İkinci soruşturmadaki iddiaların bir kısmı bizim bakanlığımızı ilgilendiren iddialardır. Bir tanesi Viranşehir yolu, 89 kilometrelik asfalt kaplama işi var. İhale katılan 32 tanesi yeterli görülmüş. Yeterli görülmeyenlerin itirazı üzerine 29’a düşürmüş. 18 firmadan teklif gelmiş. Yaklaşık bedelin altında bir ihale olmuş. Yaklaşık bedeli 112 milyon iken altında bir değere verilmiş. Marmaray’daki iddia da komik, evlere şenlik. Bütün yatırımları 10 günlük kayıp olarak ödedi gitti, bu kadar kolay olmamalı.
Simit sarayı ihalesi yapılmış, teklif gelmemiş. Tekrar ihale yapılmış, tek teklif gelmiş. Ama ihale verilmemiş. Benim işim büfecilik değil.
Marmaray hattında, Sirkeci girişinin yakında bir arsa var. Bir kısmı, Marmaray’ın etki alanında. Daha karar çıkmamış, bina yapılmamış.
TCDD hakkında soruşturma yapıldığını öğrendik. Herhangi bir talimat yok. Savcının uktesinde. O da gizli olması lazımken gizlilik ihlal edilmiştir. Her iddia ciddidir, her iddianın da en ciddi şekilde araştırılması ortaya çıkartılması şarttır.

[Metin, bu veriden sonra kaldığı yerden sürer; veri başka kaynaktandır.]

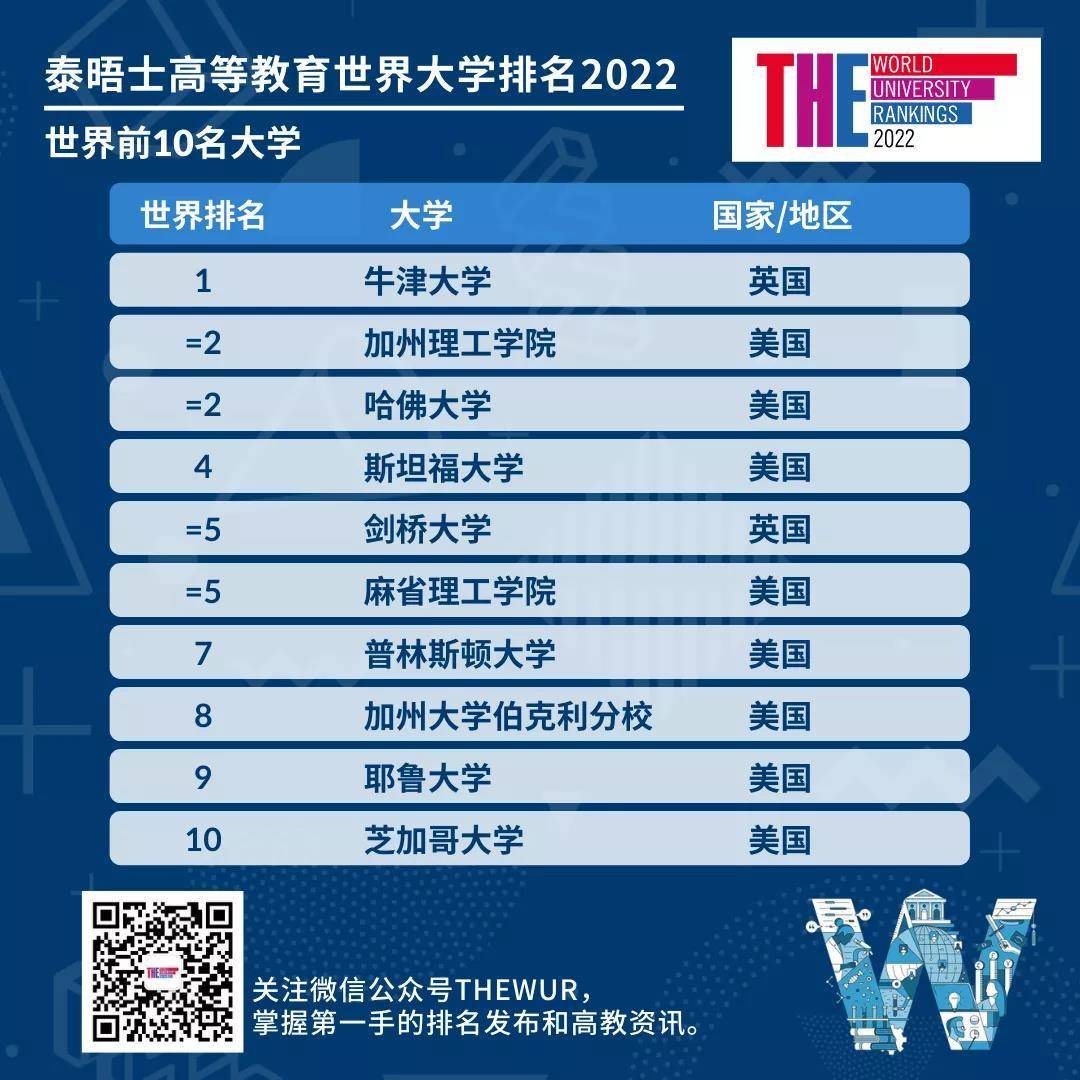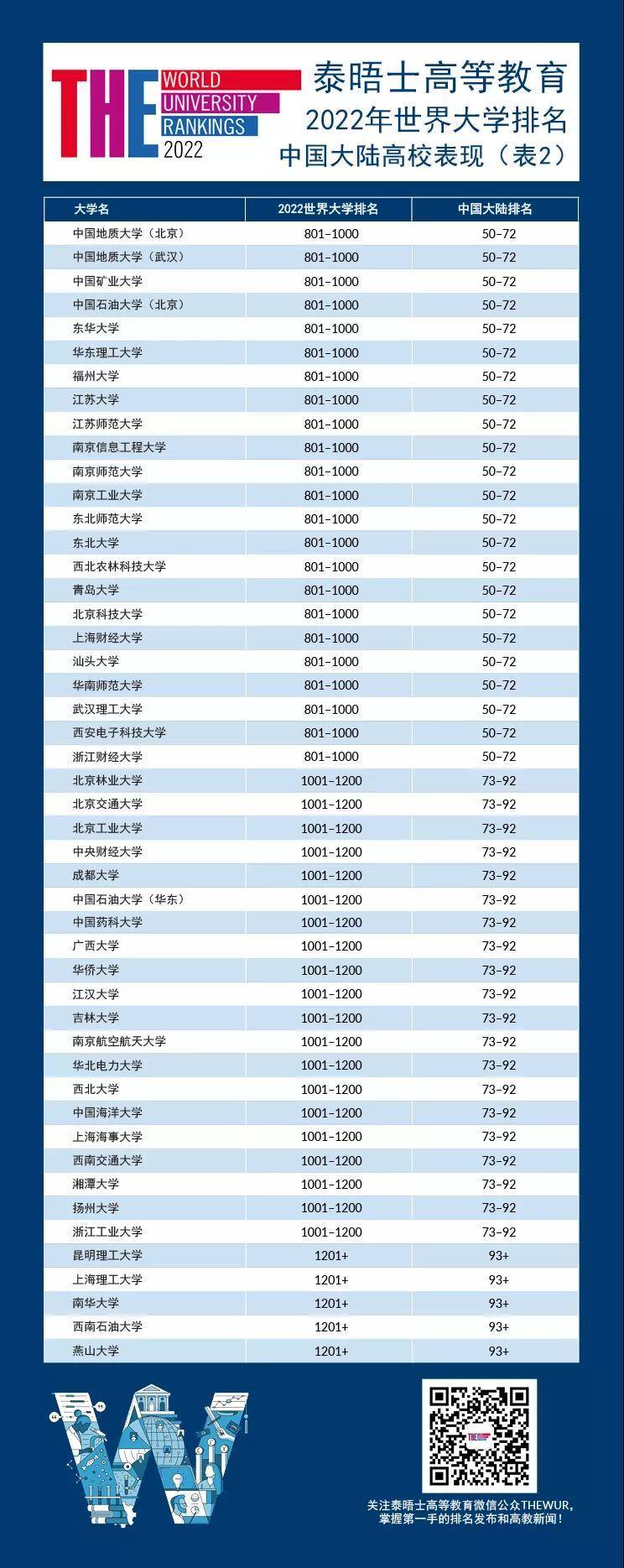 榜单显示,牛津大学连续第六年蝉联榜首;清华大学和北京大学并列第16名,与2021年世界大学排名相比,北京大学排名提升了7位,清华大学提升了4位;中国大陆有10所高校跻身前200名,其中武汉大学(第157名)、南方科技大学(第162名)和华中科技大学(第181名)为首次进入前200名的高校;中国大陆共有97所高校上榜,创历史纪录,其中8所高校首次上榜,分别为广州大学、东华大学、青岛大学、浙江财经大学、成都大学、中国石油大学(华东)、上海科技大学、西南石油大学。

Amaç, Türkiye’nin gerçekleştirdiği büyük projeleri akamete uğratmaktır. Üçüncü köprü, yeni havalimanı, İzmit körfez geçişi… Hedef bu projelerdir. Akamete uğratmak isteyen kim sorusunun cevabını arıyoruz.
Bazı firmaların malvarlıklarına tedbir konuldu. Bunun tercümesi bu projeleri baltalamaktır. O firmaları değil, ülkenin ekonomisini de öldürür.

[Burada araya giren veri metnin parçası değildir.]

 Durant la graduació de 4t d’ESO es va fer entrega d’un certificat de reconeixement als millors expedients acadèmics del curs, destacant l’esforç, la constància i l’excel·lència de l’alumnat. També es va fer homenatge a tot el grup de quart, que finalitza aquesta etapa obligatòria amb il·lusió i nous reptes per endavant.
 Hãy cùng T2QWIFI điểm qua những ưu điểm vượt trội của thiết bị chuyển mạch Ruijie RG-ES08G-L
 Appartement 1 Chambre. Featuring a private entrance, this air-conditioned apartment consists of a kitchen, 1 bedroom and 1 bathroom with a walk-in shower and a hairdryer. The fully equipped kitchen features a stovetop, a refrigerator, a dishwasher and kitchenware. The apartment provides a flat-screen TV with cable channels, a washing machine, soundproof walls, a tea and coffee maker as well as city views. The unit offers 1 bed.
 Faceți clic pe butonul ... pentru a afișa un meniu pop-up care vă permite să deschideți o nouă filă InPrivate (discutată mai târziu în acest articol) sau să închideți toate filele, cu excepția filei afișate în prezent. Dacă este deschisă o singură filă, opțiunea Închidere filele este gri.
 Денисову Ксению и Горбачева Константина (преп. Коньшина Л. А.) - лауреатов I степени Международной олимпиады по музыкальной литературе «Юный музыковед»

Hükümet seçimle geldi, seçimle gider. Amaç başbakan, bakanlar değildir. Milletin verdiği oyun desteğin, başkaları tarafından elinden alınmasıdır. Millet bunun hesabını 30 Mart’ta görecektir.
Biz beraber çalıştığımız arkadaşları değiştirebiliyoruz. Emniyet’te bir yapılanma var. İçişleri Bakanlığı bir yapılanma olduğunu görüyor. Demek ki ihtiyaç nedeniyle böyle bir değişikliğe gidiliyor.
Sanal dünya yalan dünya değil. Gerçek hayatta bir şey suçsa sanal alemde de suçtur. İnsanlar ikiye bölündü.
Ben kendi görevden ayrılma dilekçemi kendim yazdım. Erdoğan Bayraktar’la iki genel müdür olarak arkadaştık. Erdoğan Bey'in bu açıklamasına doğrusu şaşırdım, niye böyle bir açıklama yaptı. Bir gün sonra da sanki onu düzeltir bir açıklama da yaptı. Öyle bir anlık kızgınlıkla yapılmış bir açıklama olduğunu düşünüyorum. ‘Başbakan’ın talimatıyla yaptım’ lafını kimse bir yere çekip uzatmasın, oraya kimse atlamasın. Talimat gelse de bürokrat yasadışı bir iş yapmaz çünkü başına gelecekleri bilir. Bürokrasi mevzuata göre hareket eder.
İzmir’in bir tane kalesi var, o da Kadife kaledir. İzmir’in kalesi kendisidir. İzmir aslında demokrasinin tek partiden çok partili sisteme geçişinin de sembolüdür. İzmir’in radikal sol kimliği yok. Sol ağırlıklı değil, liberal bir seçmeni var. İzmir’de hizmet odaklı bir çalışma yürüteceğim.
İzmir en önemli sorunu ulaşım ve yatırım eksikliği, çevre kirliği ve körfez kirliliği. Bunlar İzmir’in kangren olmuş sorunlarıdır. Biz baştan kaybedeceğimiz bir yolculuğa çıkmayız. İzmir’de 35 projeden bahsettik, bunlardan 17’si yapılıyor. Fiilen 30 milyarlık projeyi başlattık, yapıyoruz.
Siyasi iktidarlar, seçimle gelir seçimle gelirler. Kimse heveslenmesin. Biz yaptıklarımızın hesaplarını veriyoruz" dedi.